Science Task Screener

Task Title: Bumper Cars Conservation: Analyzing Momentum in Action

Grade: High School

Date: 2024-05-24

Instructions

Criterion A. Tasks are driven by high-quality scenarios that are grounded in phenomena or problems.

i. Making sense of a phenomenon or addressing a problem is necessary to accomplish the task.

What was in the task, where was it, and why is this evidence?

  1. Is a phenomenon and/or problem present?

Yes, the task is driven by the phenomenon of amusement park bumper cars interacting and colliding with varying amounts of bounce (“elasticity”), challenging students to uncover the mathematical rule defining the outcomes.

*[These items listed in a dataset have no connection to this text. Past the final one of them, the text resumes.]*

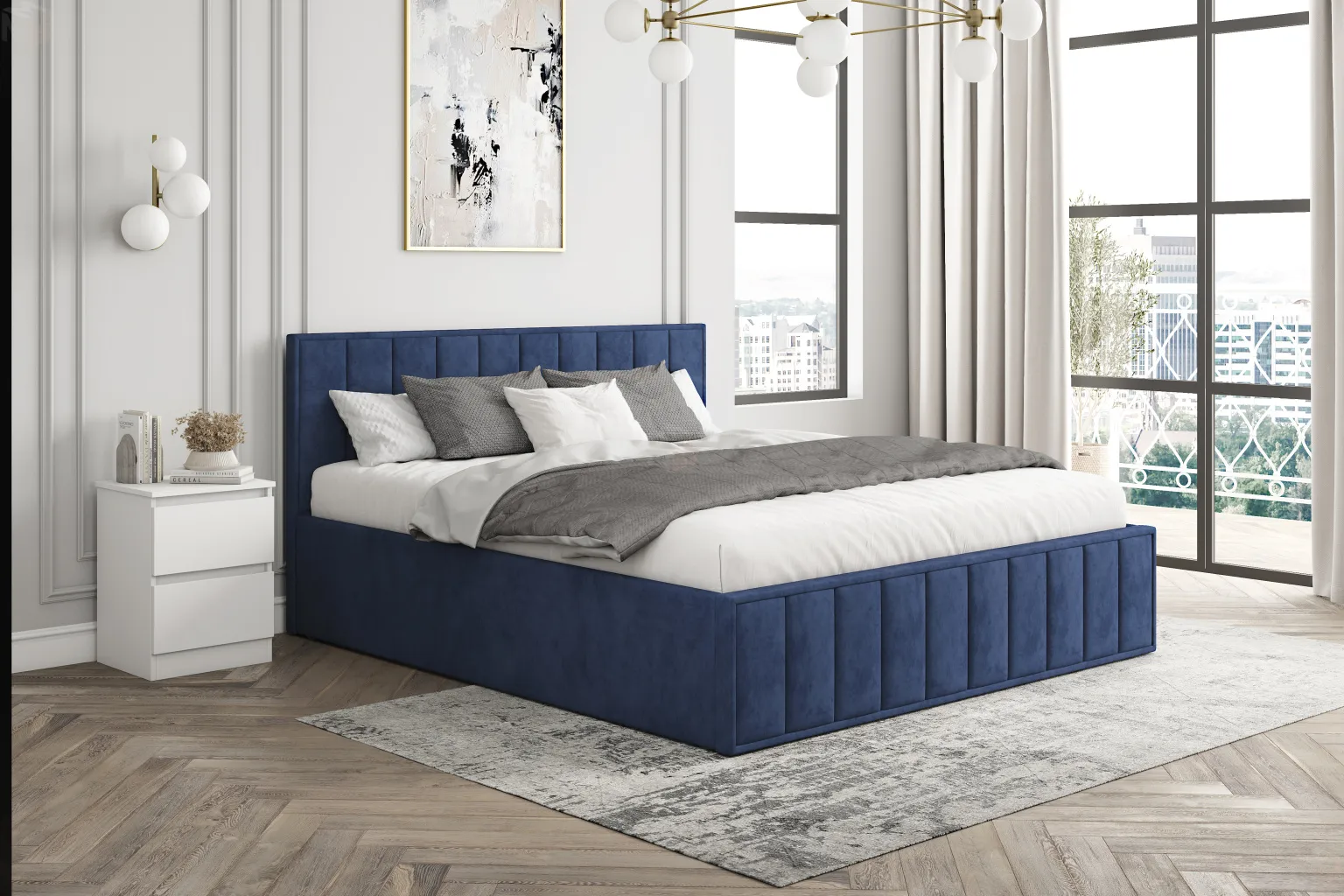 Мягкая кровать Лана 1,8 с подъемным механизмом (синий велюр)
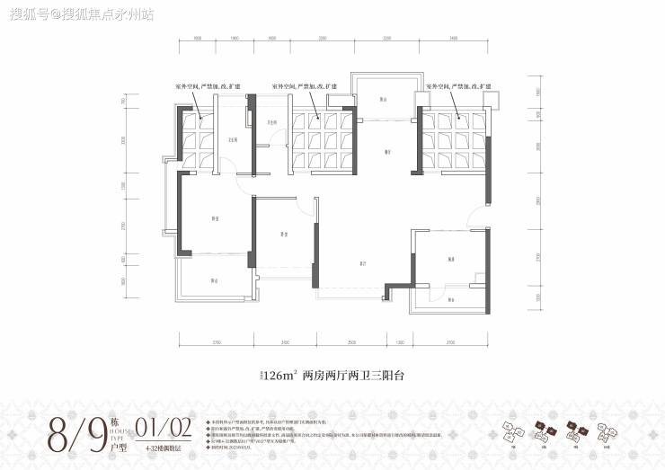 约126㎡二房两卫(8/9栋01/02户型)双龙抱珠格局,南北通透;奇数层客厅、厨房配有阳台,偶数层餐厅、主卧、厨房配有阳台,奇偶层都需要改造进门右手边、餐厅与公卫之间镂空地方,获取两个房间。
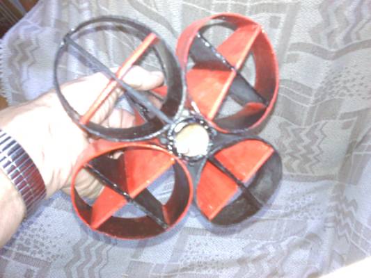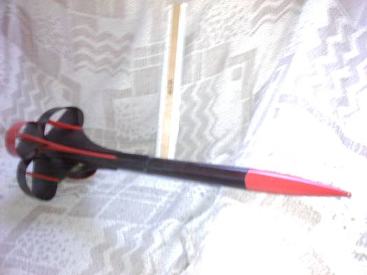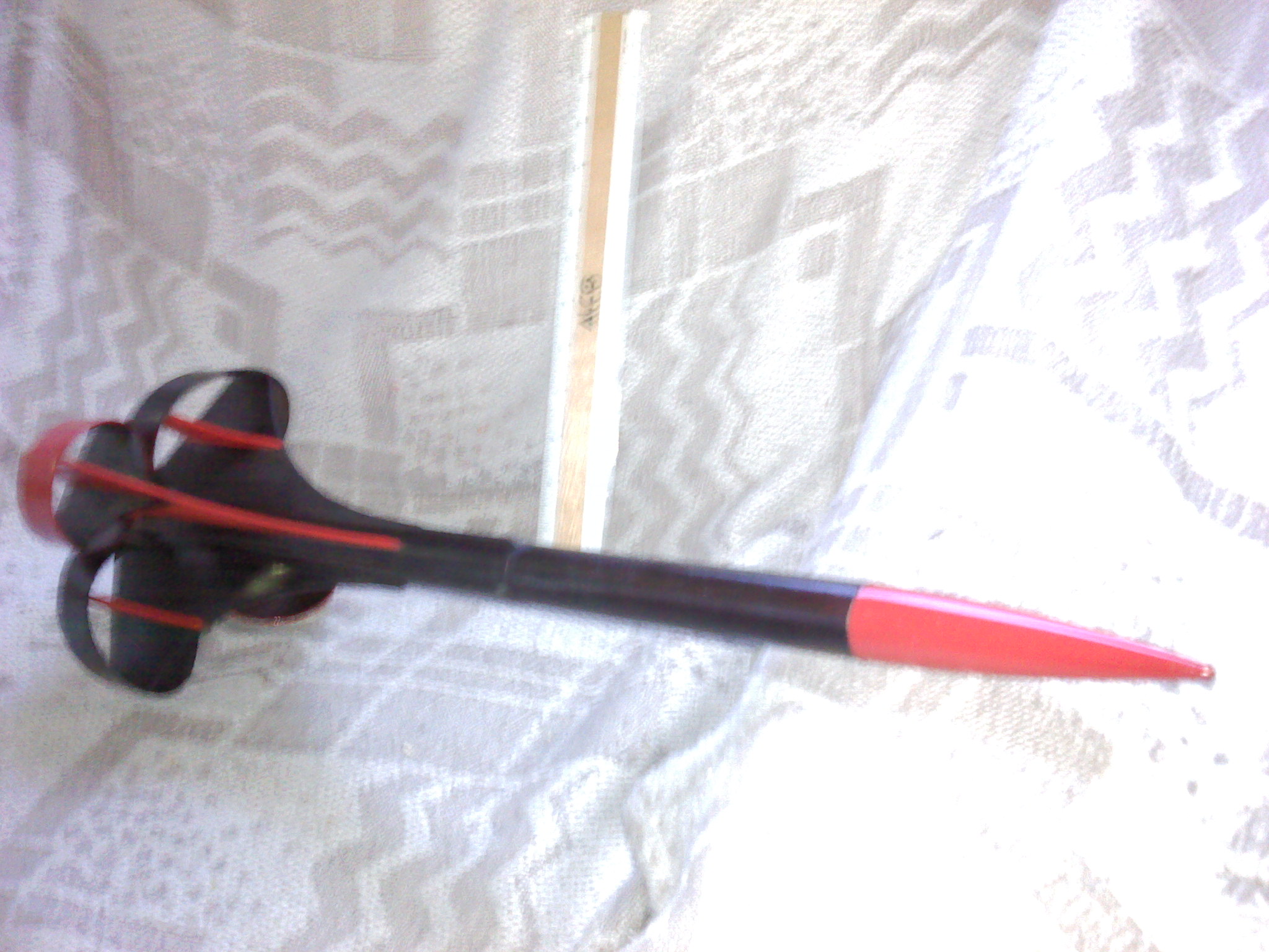 BT-50 body tube w/ four standard fin/slanted tube fin subassemblies; subassemblies are slanted BT-80 sections, within each are a large swept-back fin and set of two smaller crosshair fins; black & red. 3 successful flights as of 2/3/11.

  1. Is information from the scenario necessary to respond successfully to the task?

Yes, students must configure the simulation based on the scenario’s instructions (masses, velocities, bumper stickiness) and use the output data to calculate momentum. The task cannot be completed without this scenario-derived data.

ii. The task scenario is engaging, relevant, and accessible to a wide range of students.

Features of engaging, relevant, and accessible tasks:

Features of scenarios Yes Somewhat No Rationale
Scenario presents real-world observations [x] [ ] [ ] Amusement park rides like bumper cars are real-world, widely understood phenomena.
Scenarios are based around at least one specific instance, not a topic or generally observed occurrence [x] [ ] [ ] The task gives explicit instances (specific masses and speeds for bouncy vs sticky cars) to model.
Scenarios are presented as puzzling/intriguing [x] [ ] [ ] The hook emphasizes a “hidden rule” controlling collisions that students must uncover.
Scenarios create a “need to know” [x] [ ] [ ] Framed as an accident investigation for safety engineering, giving students a reason to test the impacts.
Scenarios are explainable using grade-appropriate SEPs, CCCs, DCIs [x] [ ] [ ] The scenario explicitly requires applying HS-level algebra ($p=mv$), defining system boundaries (CCC), and forces/motion definitions (DCI).
Scenarios effectively use at least 2 modalities (e.g., images, diagrams, video, simulations, textual descriptions) [x] [ ] [ ] The task utilizes textual instructions alongside a dynamic, visual physics simulation and data tables.
If data are used, scenarios present real/well-crafted data [x] [ ] [ ] The computational simulation provides mathematically perfect data for ideal 1D elastic and inelastic collisions.
The local, global, or universal relevance of the scenario is made clear to students [x] [ ] [ ] Amusement park rides like bumper cars are widely understood and globally recognizable.
Scenarios are comprehensible to a wide range of students at grade-level [x] [ ] [ ] The instructions clearly define elasticity and inelasticity in plain terms (“bouncy” vs “sticky”).
Scenarios use as many words as needed, no more [x] [ ] [ ] The task instructions are concise, utilizing bullet points for direct, actionable steps.
Scenarios are sufficiently rich to drive the task [x] [ ] [ ] The simulation’s real-time charting and calculation tables provide a rich, interactive data set for analysis.
Evidence of quality for Criterion A: [ ] No [ ] Inadequate [ ] Adequate [x] Extensive

Suggestions for improvement of the task for Criterion A:

None, the scenario effectively grounds the abstract mathematics of momentum into a tangible physical context.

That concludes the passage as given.